ThemeRegistry.enable('latimes')

### Load deaths data from past years and 2020

In [2]:
# metadata: https://data.cdc.gov/NCHS/Weekly-Counts-of-Deaths-by-State-and-Select-Causes/muzy-jte6

In [3]:
url_current = "https://data.cdc.gov/api/views/muzy-jte6/rows.csv?accessType=DOWNLOAD"

In [4]:
# #metadata: https://data.cdc.gov/NCHS/Weekly-Counts-of-Deaths-by-State-and-Select-Causes/3yf8-kanr

In [5]:
url_history = "https://data.cdc.gov/api/views/3yf8-kanr/rows.csv?accessType=DOWNLOAD"

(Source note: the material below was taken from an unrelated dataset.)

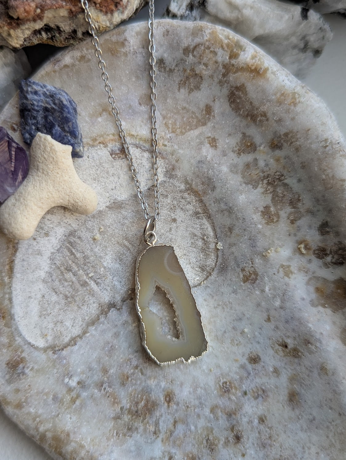 - Yellow agate slice with silver electroplating around the raw edge with a shimmering druzy center
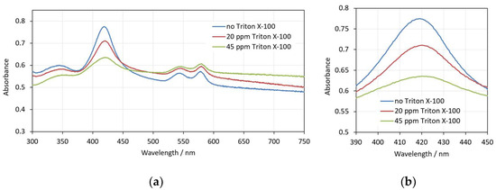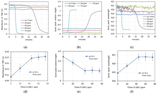 The concentration dependence of the prehemolytic values of spectra parameters after the addition of Triton X-100 are shown in Figure 9d–f. It can be seen that up to a concentration of 45 ppm Triton X-100, the observed values of all three parameters change linearly, while above 45 ppm and up to 75 ppm, the parameters remain constant. This can also be seen in Figure 9a–c, where the curves for concentrations above 45 ppm Triton X-100 start at very close values. However, while 45 ppm Triton X-100 keeps the spectra parameters constant for 30 min, concentrations of 60 ppm and 75 ppm Triton X-100 cause hemolysis. This is detected as a quickly decreasing background (decreasing absorbance at 700 nm with simultaneously increasing relative height of the Soret peak) and a drop of the Soret peak wavelength from 421 to 415 nm, indicating changes in the oxygenation state of the released Hb.

### Read the current data (2020-21) and the historical data (2014-2019)

In [6]:
df_current = pd.read_csv(
    url_current,
    parse_dates=["Week Ending Date"],
    dtype={"MMWR Year": str, "MMWR Week": str},
)

In [7]:
df_history = pd.read_csv(
    url_history,
    parse_dates=["Week Ending Date"],
    dtype={"MMWR Year": str},
)

### Clean up slight differences in two dataframes' column headers

In [8]:
df_history.rename(columns={"All  Cause": "All Cause"}, inplace=True)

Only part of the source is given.